1: Workflow: Doctor writes prescription in EMR. Pharmacist reviews charts in EMR, approves prescription. Nurse comes to Pyxis cabinet and scans patient barcode. Correct drawer opens in cabinet so the proper medication- and only the proper medication- is immediately available to nurse (technicians restock cabinet when necessary). Nurse takes medication to patient's room, scans patient barcode and medication barcode, administers drug. This system has dramatically lowered the rates of wrong-drug administration, because the computers are watching over things and catch humans getting confused on whether this medication is supposed to go to room 12 or room 21 in hour 11 of their shift. It is a great thing that has made hospitals safer. But it requires a huge amount of computers and networks to support.

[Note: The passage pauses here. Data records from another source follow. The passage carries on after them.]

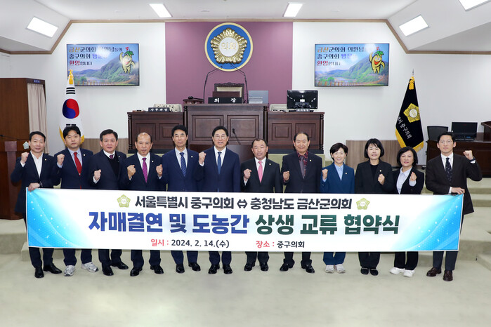 [시민일보 = 여영준 기자] 서울 중구의회(의장 길기영)가 최근 구의회 소회의실에서 구의회와 충남 금산군의회간 상생 발전을 위한 업무협약을 체결했다.
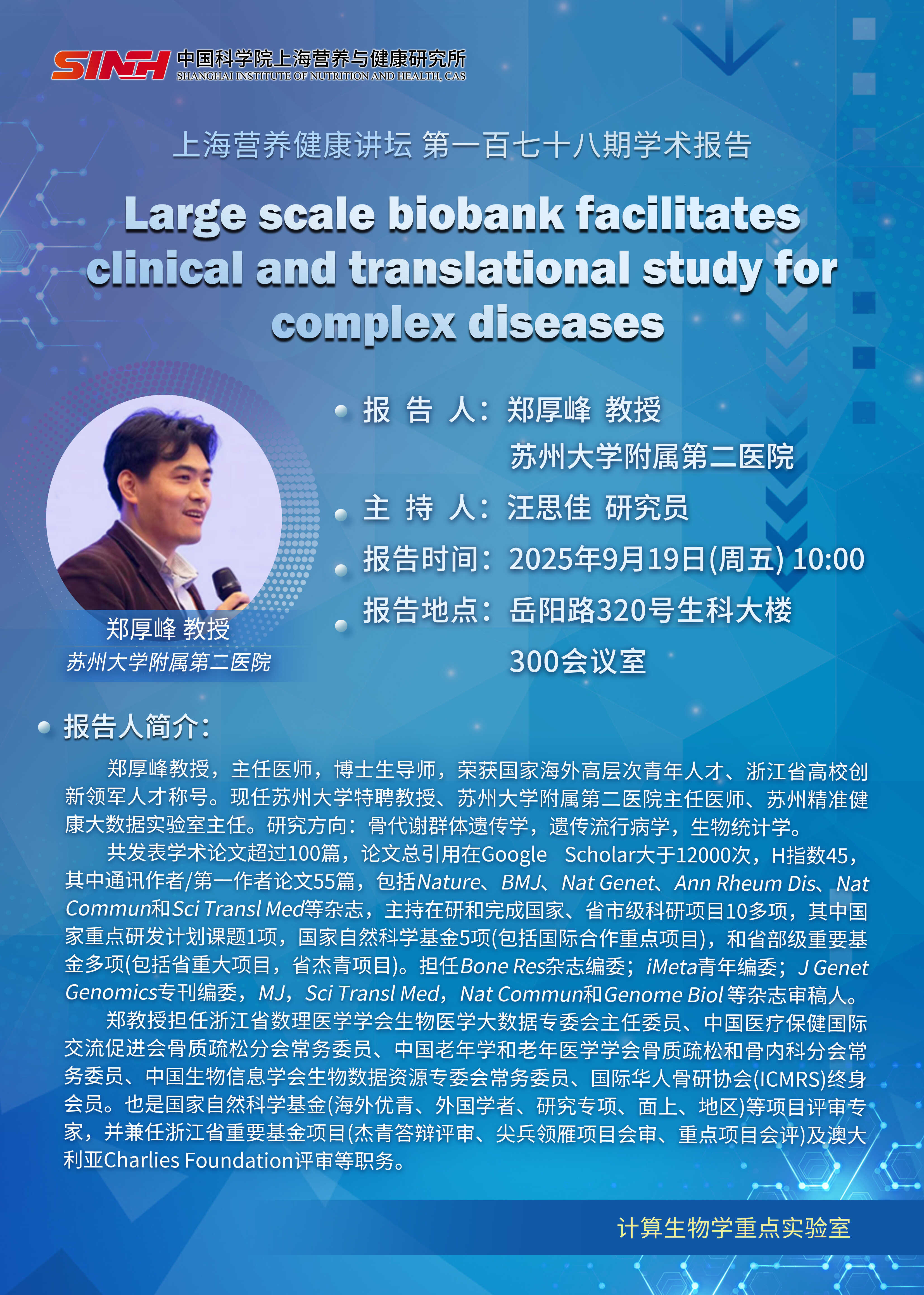 9月19日|Large scale biobank facilitates clinical and translational study for complex diseases-上海營養(yǎng)健康講壇
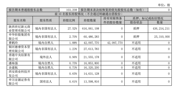 除了上市公司,《财中社》还注意到,公司实控人刘建申背后的资金压力同样不容忽视。根据公司最新的三季报及相关公告数据,公司控股股东——陕西世纪新元商业管理有限公司(下称“世纪新元”)的质押比例居高不下。截至三季度末,世纪新元持有公司约6.16亿股,其中处于质押状态的股份高达4.36亿股,质押率超过70%;其一致行动人申华控股的质押比例也超过40%。
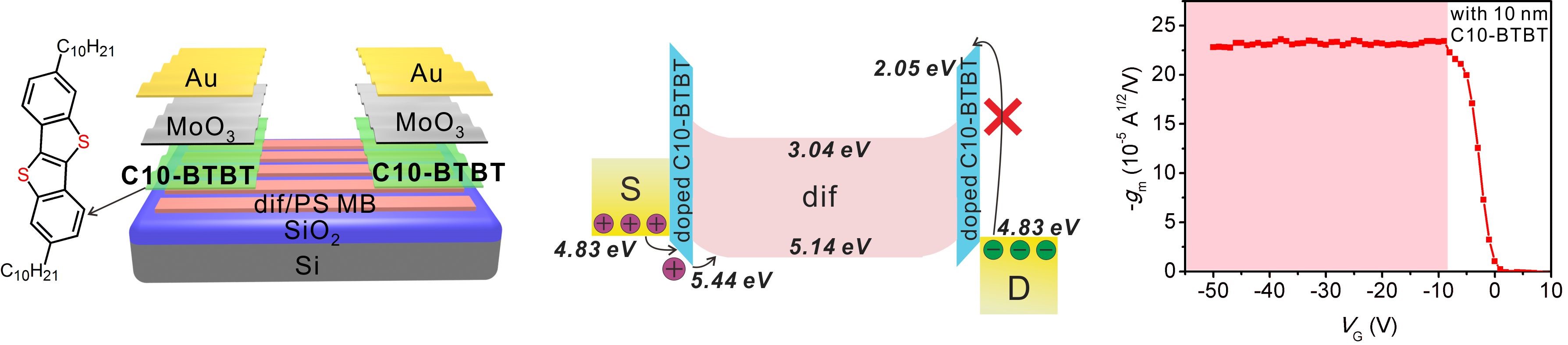 <span style="color:#1C1D1E;font-family:" font-size:16px;white-space:normal;background-color:#ffffff;"="">Electron injection plays a crucial role in arousing the double‐slope characteristics for p‐type organic field‐effect transistors (OFETs) with narrow‐bandgap organic semiconductors (OSCs). This issue will not only result in the misrepresentation of OFET performance but also may cause device instability, hence impeding their further development in real‐world applications. A facile and highly efficient approach is developed to circumvent this issue by implementing modification on the electrode/organic semiconductor interface. An ultrathin layer of wide‐bandgap OSC with suitable energy levels is introduced to block the undesirable electron injection. By this means, typical double‐slope behaviors and bias stress stability in the p‐type OFETs can be significantly improved. Using 2,8‐difluoro‐5,11‐bis(triethylsilylethynyl) anthradithiophene‐based OFETs the double‐slope behaviors of as‐fabricated devices are effectively converted to near‐ideal behaviors after modification, leading to a dramatic improvement of average reliability from 65.11% to 91.76%. Furthermore, the positive drift of transfer curves under prolonged bias stress is also successfully suppressed. This strategy demonstrates good universality and can provide a new guideline for the fabrication of OFETs with ideal behaviors.
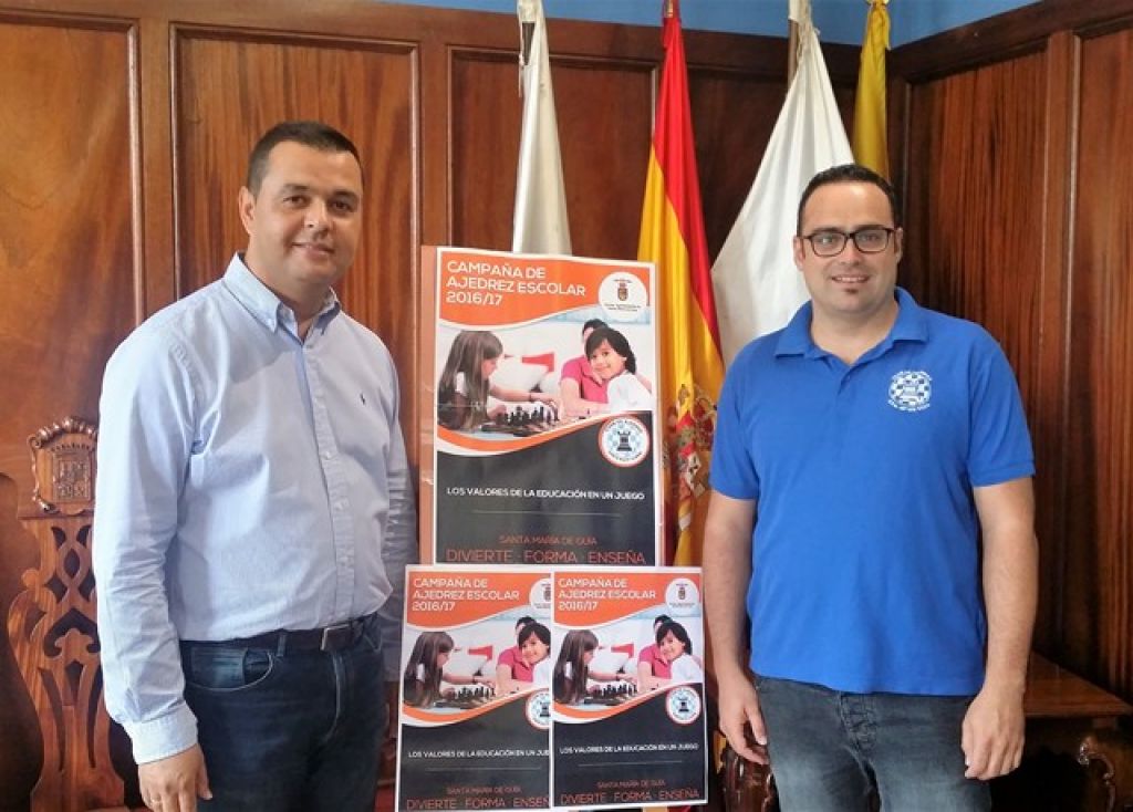 El Ayuntamiento de Santa María de Guía y la Escuela de Ajedrez Guía acercarán el ajedrez a cientos de escolares del municipio a través de un acuerdo de colaboración. El alcalde, Pedro Rodríguez, y el presidente de la citada Escuela, Francisco Falcón, presentaron esta iniciativa durante un acto celebrado en las Casas Consistoriales adelantando que además de las clases se celebrarán un conjunto de actividades paralelas entre los centros educativos que formen parte de la misma y un campeonato escolar.

This would be a disaster from a HIPAA perspective, and an unimaginable amount of paperwork.
For relying on windows to run this kind of stuff and not doing any kind of staged rollout but just blindly applying untested kernel driver 3rd party patching fleet wide? yeah honestly. We had safer rollouts for cat videos than y'all seem to have for life critical systems. Maybe some criminal liability would make y'all care about reliability a bit more.
Staged rollout in the traditional sense wouldn't have helped here because the skanky kernel driver worked under all test conditions. It just didn't work when ot got fed bad data. This could have been mitigated by staging the data propagation, or by fully testing the driver with bad data (unlikely to ever have been done by any commercial organization). Perhaps some static analysis tool could have found the potential to crash (or the isomorphic "safe language" that doesn't yet exist for NT kernel drivers).
If you don't see that the thing that happened today that blew up the world was the rollout, I don't know what to tell you.
A QR code can store 3 KB of data. Every patient has a small QR Sticker printer on their bed. Whenever EPIC updates, print a new small QR sticker. Patient being moved tear of sticker and stick to their wrist tag.

This much of patients state will be carried on their wrist. Maybe for complex cases you need two stickers. Have to be judicious in encoding data, maybe just last 48 hours.

Handheld qr readers, off line that read and display QR data strings.